Das ist das Ergebnis
Kompetenzgerangel zwischen Bund und Ländern, Rechtsstreit um die Notbremse, und mittendrin laufen die Intensivstationen über: Manchmal wünscht man sich einfach weit weg, in die USA zum Beispiel, wo die Pandemiebekämpfung mittlerweile wenigstens auf eine einfache Formel zu bringen ist - "Shots in Arms and Money in Pockets", also Spritzen in die Arme und Geld in die Taschen.
Für Deutschland ruft Optimist Scholz zwar schon den "Endspurt" aus, aber: "Da braucht man noch einmal richtig viel Luft und Kraft." Vor allem brauchen die Krankenhäuser Entlastung, meint Karl Lauterbach.
In Köln etwa werde schon eine "weiche Triage" betrieben, also Operationen verschoben. Eine Ausgangsbeschränkung könne helfen, je früher am Tag und je länger, desto besser: "Es geht wirklich um jede Stunde und jeden Einzelnen." Ein Allheilmittel sei es aber nicht – und selbst mit weiteren Maßnahmen werde es "schwer, die dritte Welle zu bewältigen."

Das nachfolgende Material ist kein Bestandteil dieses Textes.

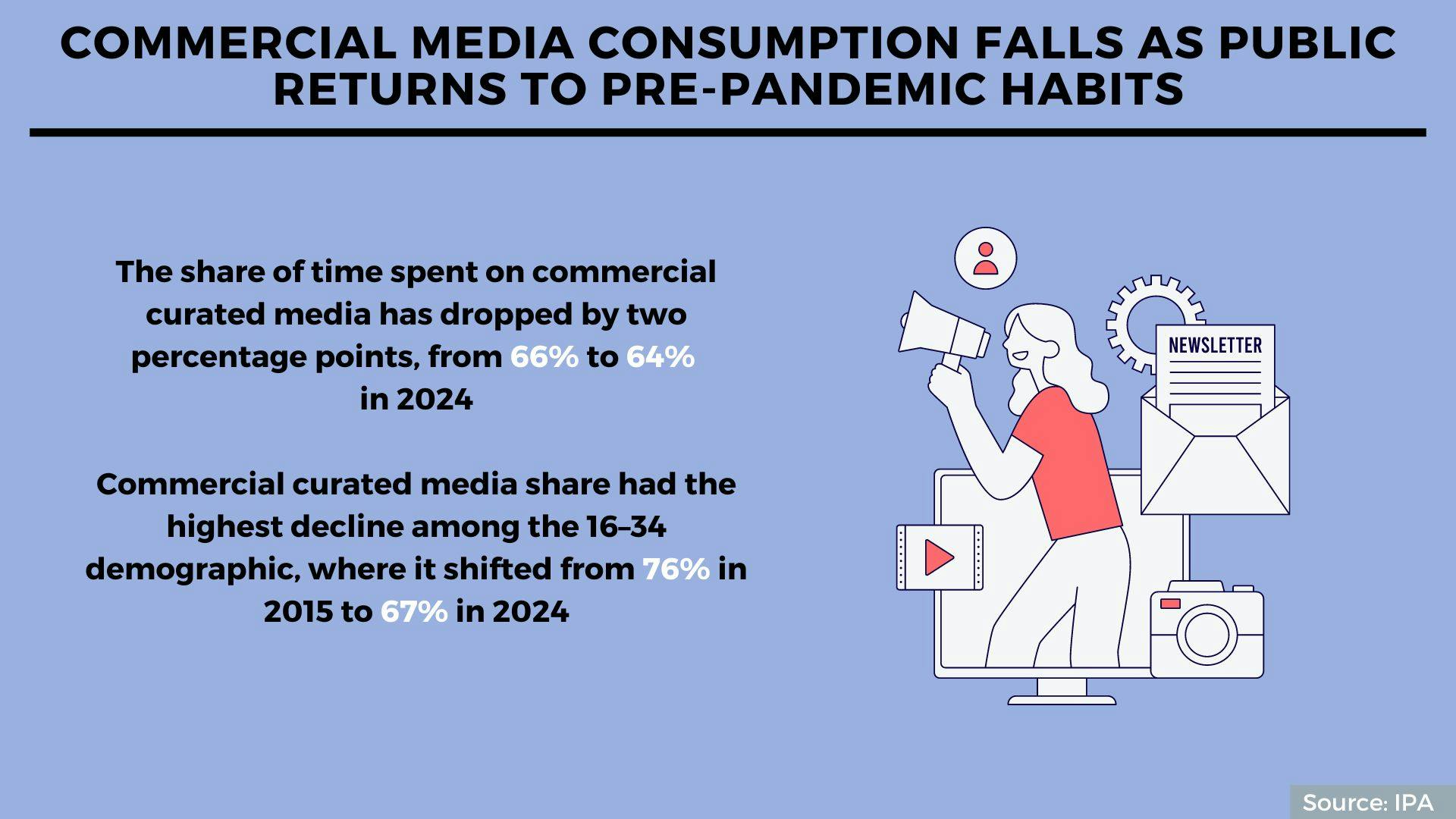 According to IPA’s 2024 Making Sense report, which tracks how commercial media consumption has shifted since 2015, the share of time spent on commercial curated media has dropped by two percentage points, from 66% to 64% in 2024.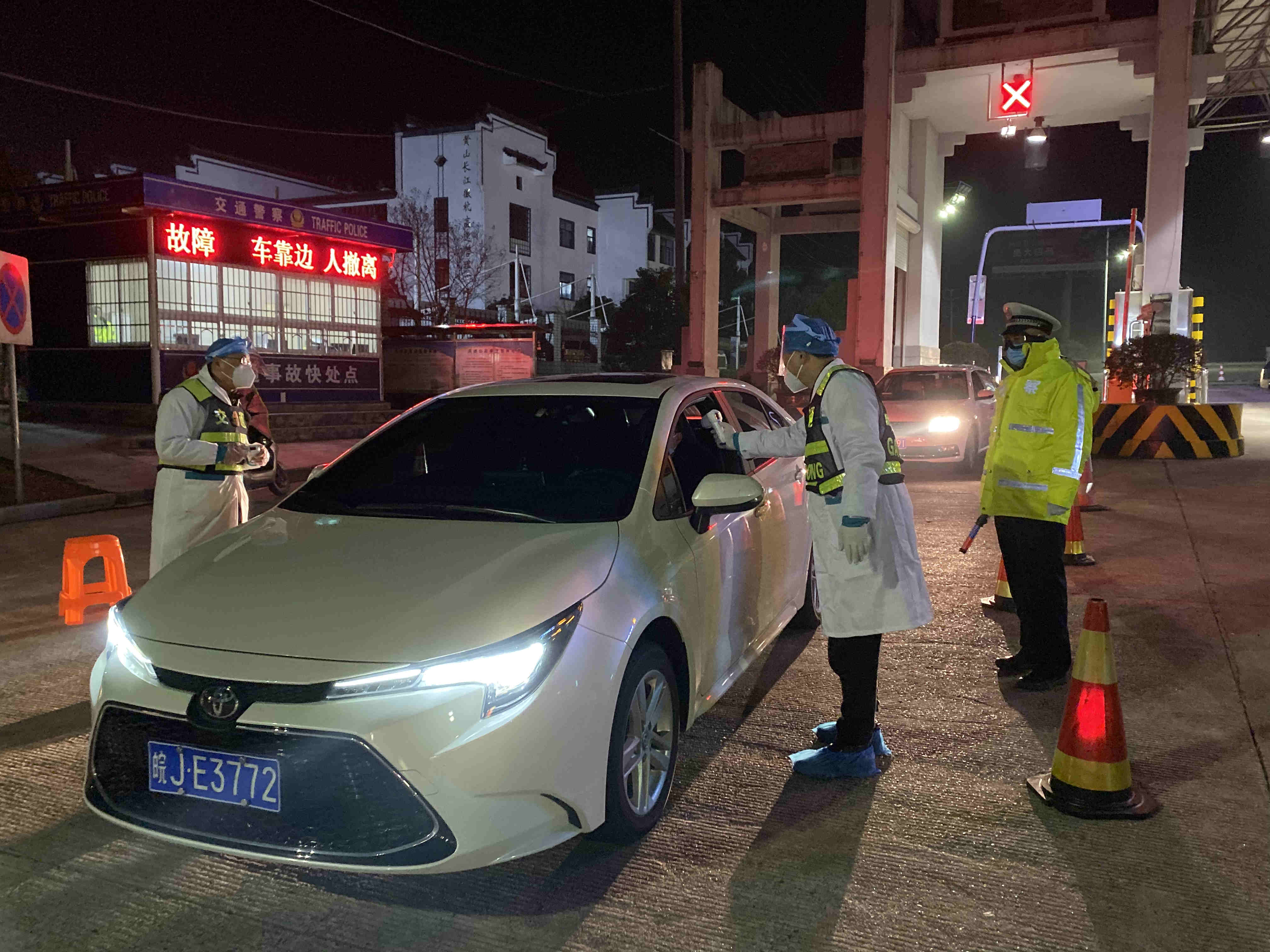 “你好,請配合測個體溫。儘量不要出門,出門記得戴口罩。”1月30日晚上8點多鐘,筆者在黃山市屯溪2號高速路口看到,醫務人員和交警堅守在崗位上,手持體溫測量儀,逐一對過往司機和乘客檢測體溫,宣傳疫情防控知識。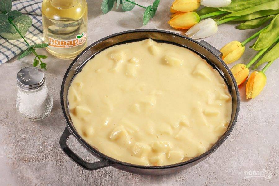 Разогрейте духовку до 180 градусов. Смажьте форму растительным или сливочным маслом, выложите в нее тесто с яблоками. Поместите форму в духовку на 25-30 минут.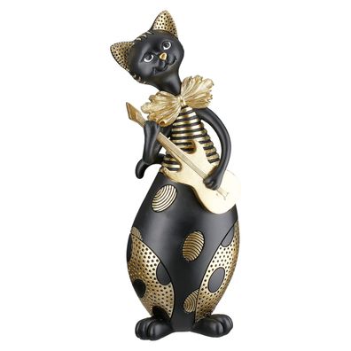 • Gilde Figur, Katze, "Kapella", Musikermotiv, Kunstharz, schwarz, , L. 9 cm, B. 14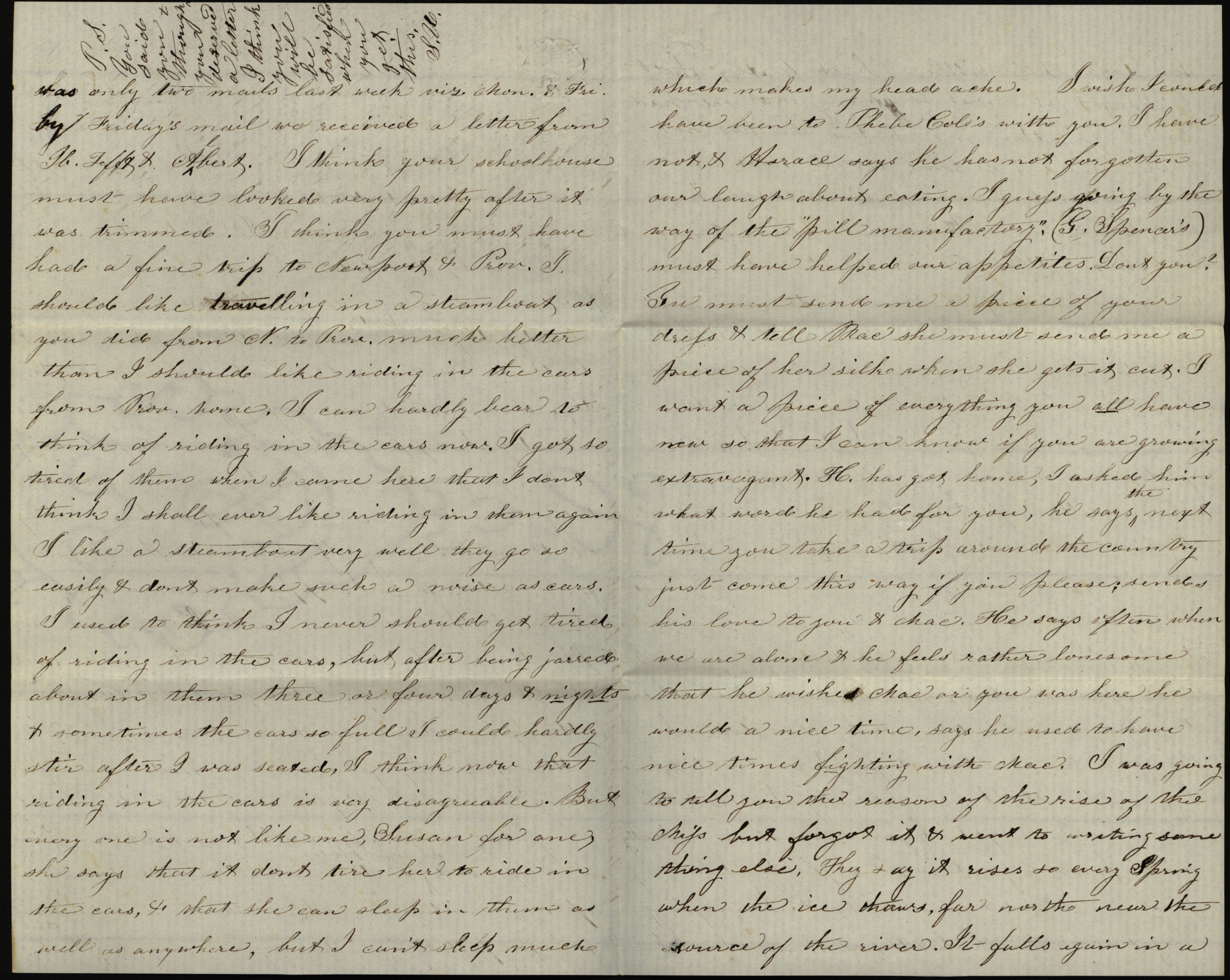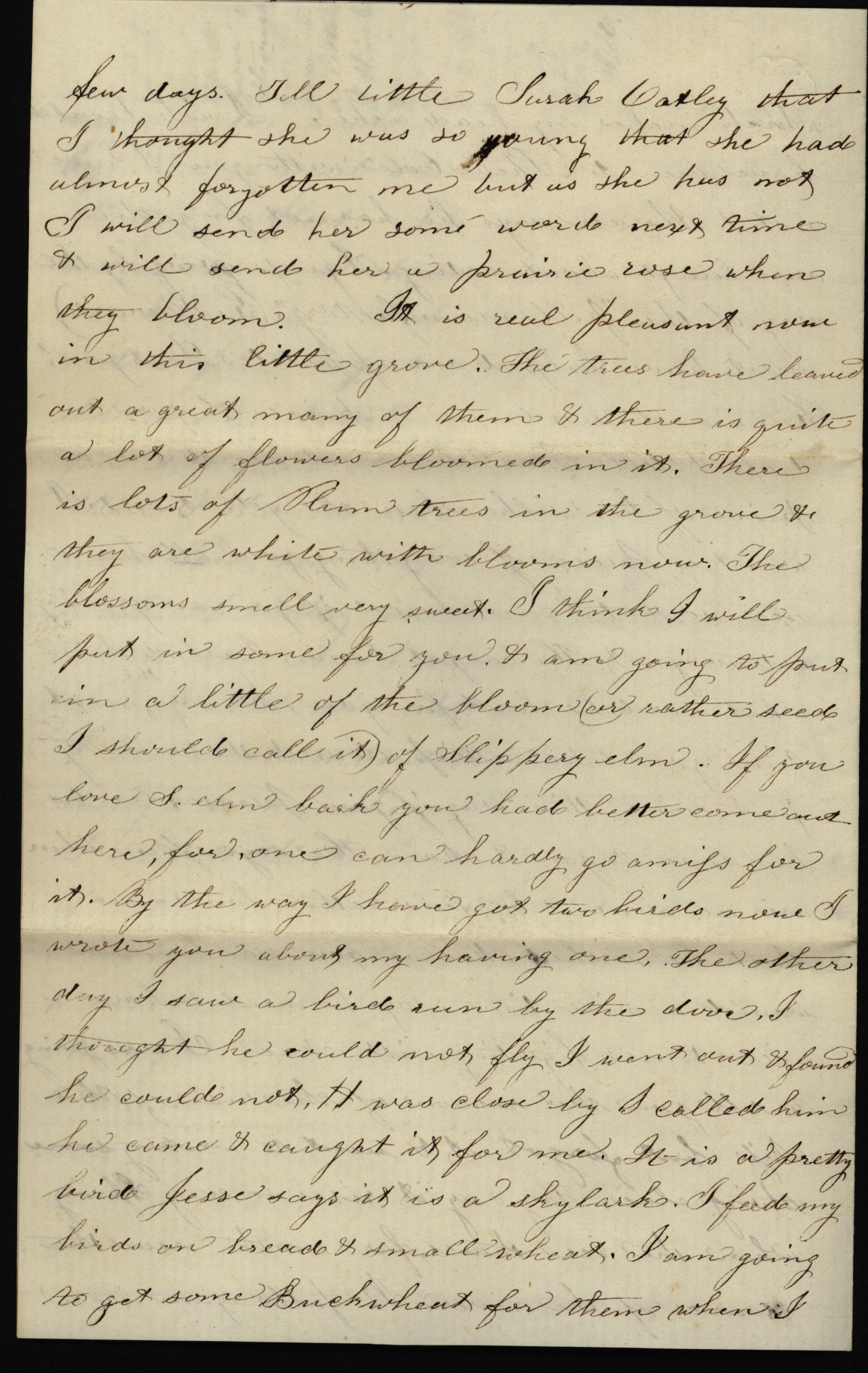 - Letter from Sarah Underwood to her sister Ann E. Tefft, May 24 in which she compares steamboat and carriage travel, describes the plum trees in her yard, recounts catching a lark, and requests samples of fabric from her sisters' clothing.

Testen, Testen, Testen – und auch an die nicht-deutschsprechenden Bürger denken, das ist Christian Lindners Rezept: "Wir sind da immer sehr vorsichtig, aber Menschen mit Migrationshintergrund sind nicht so gut aufgeklärt." Lindner wie auch Bernd Althusmann beharren auf der Regionalität – vor Ort könne man die Inzidenzen immer noch am besten bewerten und gewichten.

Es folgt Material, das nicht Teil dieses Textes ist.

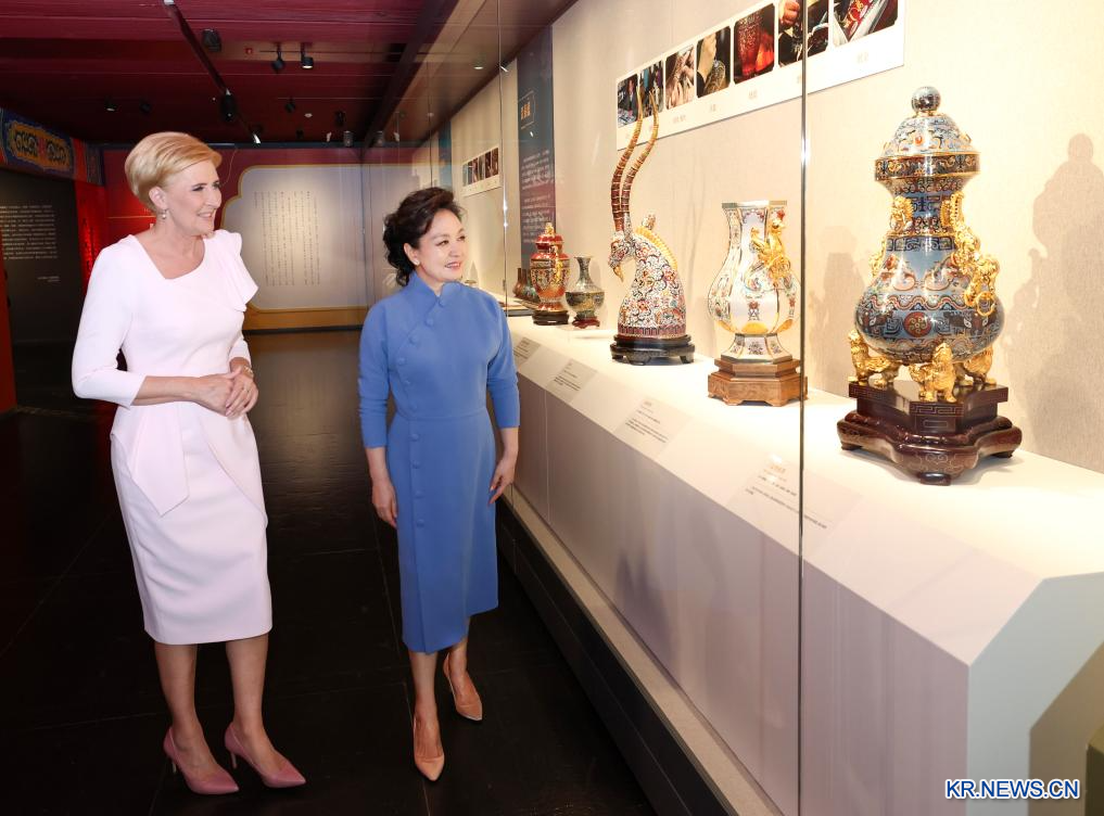 양국 정상 부인이 함께 예술관에서 "베이징 옌징팔절(燕京八絕) 무형문화유산 예술품 특별전’을 관람하고 있다. [촬영/신화사 기자 팡싱레이(龐興雷)]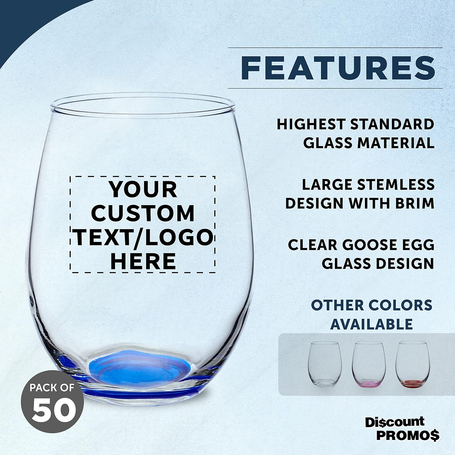 Custom Stemless Wine Glasses in Bulk by ARC Perfection, 15 oz, 50 pack, Personalized Text, Logo, Red or White Wine Glass Set, Blue

Die Debatte könne man sich eigentlich "gar nicht mehr leisten", drängt Lauterbach, der lange Wochen im Lockdown prophezeit, bis die Inzidenz wieder unter die 100 sinkt. "Es ist wie ein Tanker, der langsam die Richtung wechselt."
Wer die Diskussion verfolgt hat, muss eher an ein Containerschiff denken: An die "Ever Given" - der angebliche "Endspurt" könnte sich nämlich als nervenzehrendes Geduldsspiel in Zeitlupe erweisen.